Kedua, adalah kesungguhan dalam amal sholeh dan dalam menangkap segala peluang kebajikan. Seperti halnya perjalanan jauh yang akan dilalui, jika tidak disertai dengan kesungguhan dalam mengatur waktu dan mempersiapkan segala sesuatunya, maka boleh jadi ia akan tertinggal, bahkan tersesat dan kebingungan. Sesunguhnya apa yang dilakukan seseorang adalah berpulang untuk dirinya sendiri. Kemudian penting halnya juga untuk menangkap setiap peluang amal di sekitar kita, meski amal itu sederhana dan tidak datang setiap waktu. Cukuplah menjadi pelajaran kita bersama tentang seorang pelacur yang rela mengambilkan minum untuk seekor anjing yang kehausan, padahal ia sendiri sedang dahaga luar biasa, dahaga akan ampunan Tuhan, namun dengan amalan yang sangat sederhana itu ternyata dapat menghantarkan ampunannya dan menghantarkan dirinya ke surga. Maha suci Allah, kesempatan yang seperti ini memang tidak datang dua kali, namun pasti akan kita temui dalam kehidupan sehari-hari.  Misalnya yang paling sederhana lagi menyingkirkan duri yang melintang dijalan. Hanya saja, perlu kejelian dan kesungguhan hati.
Ketiga, mewaspadai akan hilangnya bekal yang telah dikumpulkan, lantaran sikap kita terhadap orang lain. Inilah kerugian yang sangat besar, jika hilangnya bekal di dunia, masih ada kesempatan untuk dicari kembali, namun jika hilangnya bekal itu di akhirat bagaimana mungkin untuk mengumpulkannya kembali, sedang hisab telah menunggu.  Sungguh inilah kerugian yang besar dan amat menyedihkan. Bekalan yang sudah disiapkan semasa di dunia, tidak dapat menolongnya sama sekali. Maka kebersihan hati, kebersihan ucapan, kebersihan sikap, berbaik sangka pada sesama orang beriman harus selalu ditanamkan di dalam hati kita masing-masing, agar setiap kebaikan yang telah dilakukan tidak hilang sia-sia.
Maka seharusnyalah setiap orang beriman benar-benar memberikan perhatian besar dalam mempersiapkan diri dan mengumpulkan bekal untuk menghadapi hari yang kekal dan abadi itu.

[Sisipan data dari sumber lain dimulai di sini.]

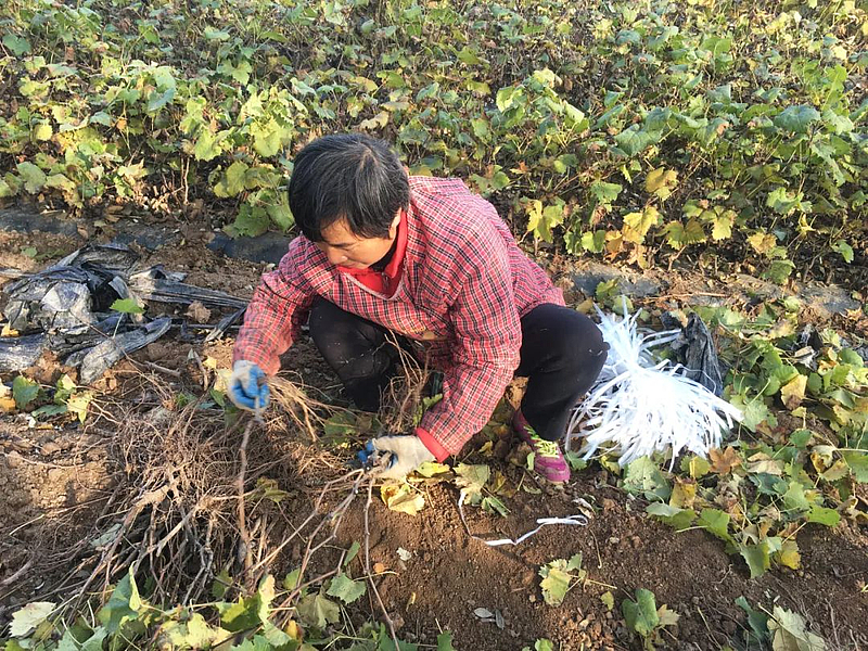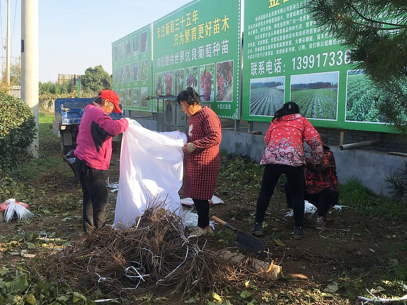 陕西杨凌示范区新集村是全国闻名的葡萄村,名优鲜食葡萄种植、葡萄育苗驰名省内外。眼下,正值葡萄苗木的销售旺季,11月14日,记者在杨凌金园葡萄专业合作社的育苗基地里看到,10多名工人正在将一棵棵根系发达的葡萄苗起苗、修剪、捆扎、装袋,合作社理事长陈敏儒在一旁进行指导,一片繁忙的景象。

Karena hakekatnya, hari inilah masa depan manusia yang sesungguhnya. “Hai orang-orang yang beriman, bertaqwalah kepada Allah dan hendaklah setiap diri memperhatikan apa yang telah disiapkannya untuk hari esok, dan bertaqwalah kepada Allah, sesungguhnya Allah Maha Mengetahui apa yang kamu kerjakan”. Harapannya, kita selalu  dapat memperbaharui kembali komitmen yang telah kita ikrarkan, untuk selalu menjadikan sholat kita, ibadah kita, hidup dan mati kita hanyalah untuk Allah , Tuhan semesta alam. Wallahu a’lam. (Diambil dari beberapa tulisan).